> [What the task asks]
Images excepted, the data below must be repeated exactly.

> [Data block]
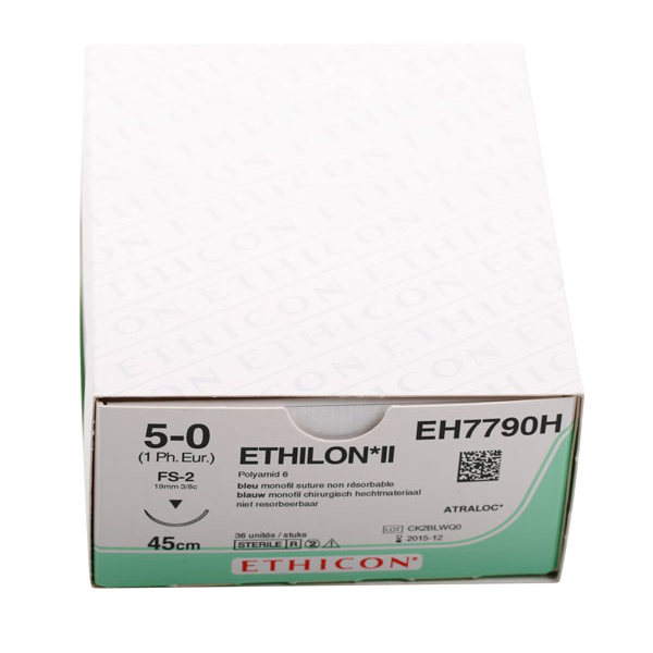 661H, Ethilon, ikke-resorberbar sort sutur, 0,15 mm, 5-0, 45 cm. Omv. skærende FS-2 nål. OBS. Fås nu kun i sort.
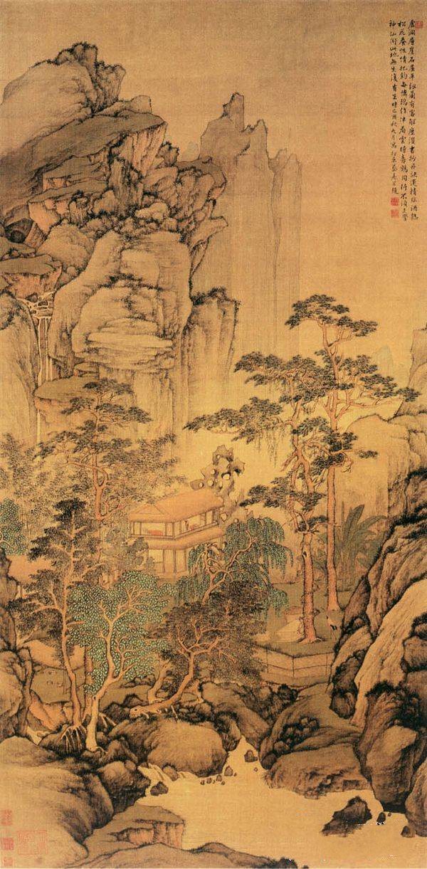 蔡嘉《层岩楼石图》:这件作品是蔡嘉的经典之作,作品造境点景,奇奥幽深,树木茂密,高干轩昂直立,与群树互为掩映,林间楼阁中高士开轩凭栏闲眺,溪流坡石处,灵石与蕉荫下,仙鹤一羽,清润幽雅之情已毕现於画面;而高山并列,奇峰险石,突兀峥嵘,瀑布如银练高悬,益臻声色交加之美。笔墨舒展浓郁,浓淡、疏密、繁简适度。
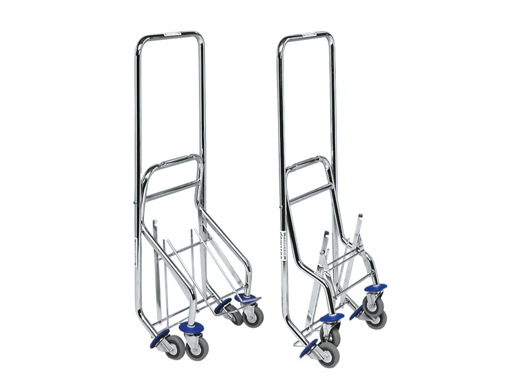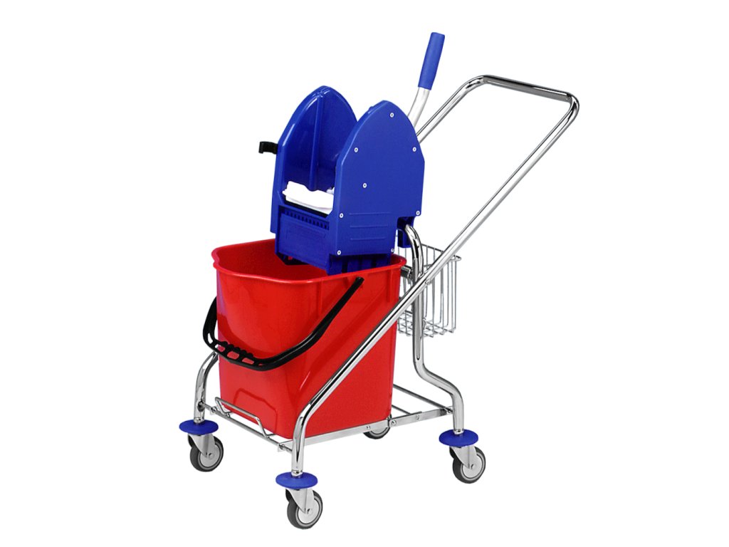Profesionální sklapovací pochromovaný jednokbelíkový úklidový vozík na kolečkách se ždímačkou a kbelíkem o objemu 25 l.

> [Result of this task]
 661H, Ethilon, ikke-resorberbar sort sutur, 0,15 mm, 5-0, 45 cm. Omv. skærende FS-2 nål. OBS. Fås nu kun i sort.
 蔡嘉《层岩楼石图》:这件作品是蔡嘉的经典之作,作品造境点景,奇奥幽深,树木茂密,高干轩昂直立,与群树互为掩映,林间楼阁中高士开轩凭栏闲眺,溪流坡石处,灵石与蕉荫下,仙鹤一羽,清润幽雅之情已毕现於画面;而高山并列,奇峰险石,突兀峥嵘,瀑布如银练高悬,益臻声色交加之美。笔墨舒展浓郁,浓淡、疏密、繁简适度。
Profesionální sklapovací pochromovaný jednokbelíkový úklidový vozík na kolečkách se ždímačkou a kbelíkem o objemu 25 l.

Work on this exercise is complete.